(Task goal) From the entries below, copy exactly the lines from the one that contains "I created a" through the one that contains "Paglalarawan ng Content: a", both included, and only those.

(Items from a dataset)
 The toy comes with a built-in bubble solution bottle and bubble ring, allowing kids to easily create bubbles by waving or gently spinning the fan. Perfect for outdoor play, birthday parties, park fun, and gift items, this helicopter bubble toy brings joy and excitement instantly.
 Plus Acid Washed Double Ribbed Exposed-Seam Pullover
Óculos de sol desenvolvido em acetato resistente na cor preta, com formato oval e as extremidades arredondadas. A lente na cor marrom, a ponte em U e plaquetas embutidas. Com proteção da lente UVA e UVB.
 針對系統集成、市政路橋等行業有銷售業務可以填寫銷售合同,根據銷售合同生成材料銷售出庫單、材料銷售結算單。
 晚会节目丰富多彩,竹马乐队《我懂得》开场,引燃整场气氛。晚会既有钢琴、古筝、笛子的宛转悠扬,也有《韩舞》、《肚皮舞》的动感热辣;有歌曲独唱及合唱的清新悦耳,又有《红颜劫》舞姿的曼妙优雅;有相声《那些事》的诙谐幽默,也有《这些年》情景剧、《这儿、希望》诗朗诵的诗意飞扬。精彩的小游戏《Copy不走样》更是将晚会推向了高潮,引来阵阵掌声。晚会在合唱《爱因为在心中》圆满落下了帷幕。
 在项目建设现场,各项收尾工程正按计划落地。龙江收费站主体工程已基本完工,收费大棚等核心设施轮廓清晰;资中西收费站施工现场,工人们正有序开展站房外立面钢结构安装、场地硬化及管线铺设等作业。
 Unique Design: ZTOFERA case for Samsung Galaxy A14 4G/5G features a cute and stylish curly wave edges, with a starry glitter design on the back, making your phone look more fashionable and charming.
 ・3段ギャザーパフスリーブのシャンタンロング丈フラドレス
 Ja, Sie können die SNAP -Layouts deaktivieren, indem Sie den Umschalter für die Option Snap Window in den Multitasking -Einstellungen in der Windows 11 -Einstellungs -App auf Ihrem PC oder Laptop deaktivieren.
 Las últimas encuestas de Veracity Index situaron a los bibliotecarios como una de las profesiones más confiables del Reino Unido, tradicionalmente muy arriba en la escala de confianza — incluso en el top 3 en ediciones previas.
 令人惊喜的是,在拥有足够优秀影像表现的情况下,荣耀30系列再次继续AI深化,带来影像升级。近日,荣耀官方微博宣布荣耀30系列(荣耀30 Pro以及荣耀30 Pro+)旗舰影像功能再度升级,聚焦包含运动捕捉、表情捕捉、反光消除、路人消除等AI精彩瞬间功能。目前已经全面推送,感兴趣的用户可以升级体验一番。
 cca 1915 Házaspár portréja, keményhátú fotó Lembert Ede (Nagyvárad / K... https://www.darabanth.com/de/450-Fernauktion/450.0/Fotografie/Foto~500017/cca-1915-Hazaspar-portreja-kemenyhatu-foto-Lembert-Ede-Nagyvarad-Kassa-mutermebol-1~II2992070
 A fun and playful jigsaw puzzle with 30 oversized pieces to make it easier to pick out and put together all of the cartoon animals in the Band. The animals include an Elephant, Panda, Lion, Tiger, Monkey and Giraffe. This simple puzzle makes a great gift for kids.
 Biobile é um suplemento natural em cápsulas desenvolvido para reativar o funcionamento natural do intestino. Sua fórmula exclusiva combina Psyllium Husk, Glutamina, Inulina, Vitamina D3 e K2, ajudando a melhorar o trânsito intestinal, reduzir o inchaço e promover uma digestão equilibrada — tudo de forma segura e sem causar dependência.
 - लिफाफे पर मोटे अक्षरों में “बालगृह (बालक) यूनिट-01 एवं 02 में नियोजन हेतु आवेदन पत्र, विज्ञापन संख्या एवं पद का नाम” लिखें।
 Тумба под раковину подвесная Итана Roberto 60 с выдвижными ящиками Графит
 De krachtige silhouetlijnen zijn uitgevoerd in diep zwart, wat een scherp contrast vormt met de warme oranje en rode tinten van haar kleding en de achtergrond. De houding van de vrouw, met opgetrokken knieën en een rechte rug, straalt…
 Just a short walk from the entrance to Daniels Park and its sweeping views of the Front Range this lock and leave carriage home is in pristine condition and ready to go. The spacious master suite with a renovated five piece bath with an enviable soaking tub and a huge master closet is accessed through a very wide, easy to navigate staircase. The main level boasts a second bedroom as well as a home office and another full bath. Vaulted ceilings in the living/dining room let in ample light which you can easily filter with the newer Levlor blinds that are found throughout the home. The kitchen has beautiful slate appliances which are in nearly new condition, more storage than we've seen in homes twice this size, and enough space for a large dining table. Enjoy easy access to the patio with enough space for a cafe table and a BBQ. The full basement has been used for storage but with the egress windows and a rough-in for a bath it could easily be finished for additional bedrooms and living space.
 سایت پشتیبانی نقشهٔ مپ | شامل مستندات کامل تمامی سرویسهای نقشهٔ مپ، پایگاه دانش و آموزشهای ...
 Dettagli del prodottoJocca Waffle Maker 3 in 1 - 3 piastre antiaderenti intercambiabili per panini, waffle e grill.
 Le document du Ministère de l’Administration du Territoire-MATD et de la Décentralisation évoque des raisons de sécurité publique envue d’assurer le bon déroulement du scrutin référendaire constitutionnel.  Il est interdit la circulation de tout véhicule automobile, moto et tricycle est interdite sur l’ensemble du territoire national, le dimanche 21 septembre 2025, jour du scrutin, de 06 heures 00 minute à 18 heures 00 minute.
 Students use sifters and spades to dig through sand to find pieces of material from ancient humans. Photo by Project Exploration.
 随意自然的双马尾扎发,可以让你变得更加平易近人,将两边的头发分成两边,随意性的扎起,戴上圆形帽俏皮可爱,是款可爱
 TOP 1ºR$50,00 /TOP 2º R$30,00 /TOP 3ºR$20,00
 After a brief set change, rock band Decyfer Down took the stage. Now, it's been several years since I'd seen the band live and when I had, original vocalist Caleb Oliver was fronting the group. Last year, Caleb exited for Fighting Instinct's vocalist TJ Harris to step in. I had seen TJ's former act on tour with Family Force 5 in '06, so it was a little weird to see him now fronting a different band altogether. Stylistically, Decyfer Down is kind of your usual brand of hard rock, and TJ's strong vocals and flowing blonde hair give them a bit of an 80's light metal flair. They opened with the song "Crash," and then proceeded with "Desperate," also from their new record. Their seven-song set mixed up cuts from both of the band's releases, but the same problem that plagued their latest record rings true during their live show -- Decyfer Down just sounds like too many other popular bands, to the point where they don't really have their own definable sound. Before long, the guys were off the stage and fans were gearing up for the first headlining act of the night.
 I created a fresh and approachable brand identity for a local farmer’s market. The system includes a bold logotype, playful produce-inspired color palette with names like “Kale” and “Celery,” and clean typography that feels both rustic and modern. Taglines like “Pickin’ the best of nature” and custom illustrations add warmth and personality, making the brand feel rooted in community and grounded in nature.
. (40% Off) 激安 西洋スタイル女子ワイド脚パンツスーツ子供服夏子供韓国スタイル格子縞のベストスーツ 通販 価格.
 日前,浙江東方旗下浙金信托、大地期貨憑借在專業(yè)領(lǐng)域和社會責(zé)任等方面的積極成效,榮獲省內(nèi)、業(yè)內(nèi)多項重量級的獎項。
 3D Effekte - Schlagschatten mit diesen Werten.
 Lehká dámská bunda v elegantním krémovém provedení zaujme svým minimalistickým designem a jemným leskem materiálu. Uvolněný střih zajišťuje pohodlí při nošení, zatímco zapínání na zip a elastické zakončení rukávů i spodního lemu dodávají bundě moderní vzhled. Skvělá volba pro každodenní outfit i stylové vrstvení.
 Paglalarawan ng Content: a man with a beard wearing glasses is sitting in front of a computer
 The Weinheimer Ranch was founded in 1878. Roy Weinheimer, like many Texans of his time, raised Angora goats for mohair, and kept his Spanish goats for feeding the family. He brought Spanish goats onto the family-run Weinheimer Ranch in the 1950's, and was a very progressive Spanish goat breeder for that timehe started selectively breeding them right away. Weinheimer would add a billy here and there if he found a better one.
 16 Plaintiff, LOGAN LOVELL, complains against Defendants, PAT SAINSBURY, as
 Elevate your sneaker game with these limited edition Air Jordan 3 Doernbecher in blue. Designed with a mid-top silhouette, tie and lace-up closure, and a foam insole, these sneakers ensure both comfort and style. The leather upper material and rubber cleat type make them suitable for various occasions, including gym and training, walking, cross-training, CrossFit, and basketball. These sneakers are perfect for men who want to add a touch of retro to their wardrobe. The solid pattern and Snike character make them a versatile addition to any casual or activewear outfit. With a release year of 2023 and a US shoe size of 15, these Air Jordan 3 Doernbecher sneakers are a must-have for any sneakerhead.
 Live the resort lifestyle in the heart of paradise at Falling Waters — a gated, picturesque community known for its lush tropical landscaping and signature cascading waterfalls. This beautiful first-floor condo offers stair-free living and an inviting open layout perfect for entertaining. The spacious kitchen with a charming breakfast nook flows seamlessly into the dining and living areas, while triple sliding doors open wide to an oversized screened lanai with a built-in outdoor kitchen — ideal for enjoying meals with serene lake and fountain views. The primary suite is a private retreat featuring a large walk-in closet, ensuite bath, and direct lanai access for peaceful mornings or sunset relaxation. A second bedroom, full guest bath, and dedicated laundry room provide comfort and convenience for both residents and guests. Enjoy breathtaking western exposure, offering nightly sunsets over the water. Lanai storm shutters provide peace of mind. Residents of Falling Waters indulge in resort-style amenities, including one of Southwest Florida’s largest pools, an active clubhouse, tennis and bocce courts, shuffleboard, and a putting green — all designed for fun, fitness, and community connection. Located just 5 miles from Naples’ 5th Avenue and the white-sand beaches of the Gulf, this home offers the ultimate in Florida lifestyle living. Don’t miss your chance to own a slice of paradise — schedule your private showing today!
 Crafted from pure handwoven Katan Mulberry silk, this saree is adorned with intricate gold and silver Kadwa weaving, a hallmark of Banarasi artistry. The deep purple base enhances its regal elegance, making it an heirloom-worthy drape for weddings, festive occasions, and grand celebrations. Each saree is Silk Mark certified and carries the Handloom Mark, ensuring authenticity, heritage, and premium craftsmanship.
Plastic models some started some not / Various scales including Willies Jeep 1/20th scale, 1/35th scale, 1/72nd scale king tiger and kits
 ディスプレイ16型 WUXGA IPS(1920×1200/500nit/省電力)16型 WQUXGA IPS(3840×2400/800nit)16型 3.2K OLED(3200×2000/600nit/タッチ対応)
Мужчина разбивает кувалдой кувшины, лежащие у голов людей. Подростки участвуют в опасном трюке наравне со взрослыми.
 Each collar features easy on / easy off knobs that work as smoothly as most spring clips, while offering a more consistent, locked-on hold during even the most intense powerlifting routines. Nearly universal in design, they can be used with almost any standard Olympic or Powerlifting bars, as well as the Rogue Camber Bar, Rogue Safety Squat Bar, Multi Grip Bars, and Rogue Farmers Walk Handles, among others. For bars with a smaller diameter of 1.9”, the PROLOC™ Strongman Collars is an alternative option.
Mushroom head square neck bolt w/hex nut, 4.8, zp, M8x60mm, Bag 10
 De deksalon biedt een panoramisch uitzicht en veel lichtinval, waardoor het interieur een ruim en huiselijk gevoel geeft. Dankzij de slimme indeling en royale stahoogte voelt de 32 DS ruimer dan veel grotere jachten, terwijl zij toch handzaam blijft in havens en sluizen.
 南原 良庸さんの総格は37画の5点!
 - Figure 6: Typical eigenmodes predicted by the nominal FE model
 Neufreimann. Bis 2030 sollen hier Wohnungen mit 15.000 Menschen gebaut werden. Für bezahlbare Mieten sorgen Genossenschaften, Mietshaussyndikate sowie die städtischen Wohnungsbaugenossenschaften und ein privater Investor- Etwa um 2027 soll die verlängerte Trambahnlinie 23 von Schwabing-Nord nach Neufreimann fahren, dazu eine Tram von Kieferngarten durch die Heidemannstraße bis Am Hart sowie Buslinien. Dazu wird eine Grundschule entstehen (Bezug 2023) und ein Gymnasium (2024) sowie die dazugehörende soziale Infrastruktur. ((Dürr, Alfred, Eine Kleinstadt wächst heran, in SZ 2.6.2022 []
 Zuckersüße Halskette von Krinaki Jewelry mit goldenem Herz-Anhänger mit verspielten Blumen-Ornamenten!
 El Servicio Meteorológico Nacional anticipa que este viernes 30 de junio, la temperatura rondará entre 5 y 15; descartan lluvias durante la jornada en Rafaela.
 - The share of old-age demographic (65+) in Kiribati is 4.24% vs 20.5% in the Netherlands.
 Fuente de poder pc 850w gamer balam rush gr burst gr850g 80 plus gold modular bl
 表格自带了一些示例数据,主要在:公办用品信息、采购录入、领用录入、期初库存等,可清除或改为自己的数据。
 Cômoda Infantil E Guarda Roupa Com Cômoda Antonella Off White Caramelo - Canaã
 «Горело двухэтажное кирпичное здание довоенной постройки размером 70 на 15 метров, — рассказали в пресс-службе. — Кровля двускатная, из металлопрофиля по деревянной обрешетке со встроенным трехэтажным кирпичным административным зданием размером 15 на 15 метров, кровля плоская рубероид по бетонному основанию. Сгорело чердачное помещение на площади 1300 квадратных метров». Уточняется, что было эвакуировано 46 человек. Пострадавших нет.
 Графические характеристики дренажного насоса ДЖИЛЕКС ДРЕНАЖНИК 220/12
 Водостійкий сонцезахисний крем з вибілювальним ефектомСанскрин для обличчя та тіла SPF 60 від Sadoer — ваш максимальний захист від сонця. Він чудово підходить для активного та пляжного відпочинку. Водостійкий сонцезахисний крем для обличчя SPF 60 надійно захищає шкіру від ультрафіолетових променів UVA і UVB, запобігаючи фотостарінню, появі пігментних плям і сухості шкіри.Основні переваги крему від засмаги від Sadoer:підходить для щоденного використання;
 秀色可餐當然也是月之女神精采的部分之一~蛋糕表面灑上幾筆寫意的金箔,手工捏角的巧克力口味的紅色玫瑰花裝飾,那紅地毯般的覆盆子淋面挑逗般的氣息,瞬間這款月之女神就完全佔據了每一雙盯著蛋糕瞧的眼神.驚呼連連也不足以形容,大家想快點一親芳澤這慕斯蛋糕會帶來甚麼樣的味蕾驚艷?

(Reply)
 I created a fresh and approachable brand identity for a local farmer’s market. The system includes a bold logotype, playful produce-inspired color palette with names like “Kale” and “Celery,” and clean typography that feels both rustic and modern. Taglines like “Pickin’ the best of nature” and custom illustrations add warmth and personality, making the brand feel rooted in community and grounded in nature.
. (40% Off) 激安 西洋スタイル女子ワイド脚パンツスーツ子供服夏子供韓国スタイル格子縞のベストスーツ 通販 価格.
 日前,浙江東方旗下浙金信托、大地期貨憑借在專業(yè)領(lǐng)域和社會責(zé)任等方面的積極成效,榮獲省內(nèi)、業(yè)內(nèi)多項重量級的獎項。
 3D Effekte - Schlagschatten mit diesen Werten.
 Lehká dámská bunda v elegantním krémovém provedení zaujme svým minimalistickým designem a jemným leskem materiálu. Uvolněný střih zajišťuje pohodlí při nošení, zatímco zapínání na zip a elastické zakončení rukávů i spodního lemu dodávají bundě moderní vzhled. Skvělá volba pro každodenní outfit i stylové vrstvení.
 Paglalarawan ng Content: a man with a beard wearing glasses is sitting in front of a computer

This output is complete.